# Supplied records

::::::

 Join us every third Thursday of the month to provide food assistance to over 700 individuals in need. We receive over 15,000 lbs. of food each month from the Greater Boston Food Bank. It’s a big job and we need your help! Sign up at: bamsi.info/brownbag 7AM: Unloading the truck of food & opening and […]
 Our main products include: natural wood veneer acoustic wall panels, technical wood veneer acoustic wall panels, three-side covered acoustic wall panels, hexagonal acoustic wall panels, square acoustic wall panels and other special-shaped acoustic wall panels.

::::::

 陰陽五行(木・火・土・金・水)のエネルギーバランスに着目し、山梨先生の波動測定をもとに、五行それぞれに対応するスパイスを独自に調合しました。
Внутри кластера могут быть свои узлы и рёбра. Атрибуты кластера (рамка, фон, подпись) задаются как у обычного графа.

::::::

# Exercise brief
In the listing above, find the line containing "Join us every" and the line containing "Our main products". Output them and every line between, exactly, and nothing else.

# Result of this exercise
 Join us every third Thursday of the month to provide food assistance to over 700 individuals in need. We receive over 15,000 lbs. of food each month from the Greater Boston Food Bank. It’s a big job and we need your help! Sign up at: bamsi.info/brownbag 7AM: Unloading the truck of food & opening and […]
 Our main products include: natural wood veneer acoustic wall panels, technical wood veneer acoustic wall panels, three-side covered acoustic wall panels, hexagonal acoustic wall panels, square acoustic wall panels and other special-shaped acoustic wall panels.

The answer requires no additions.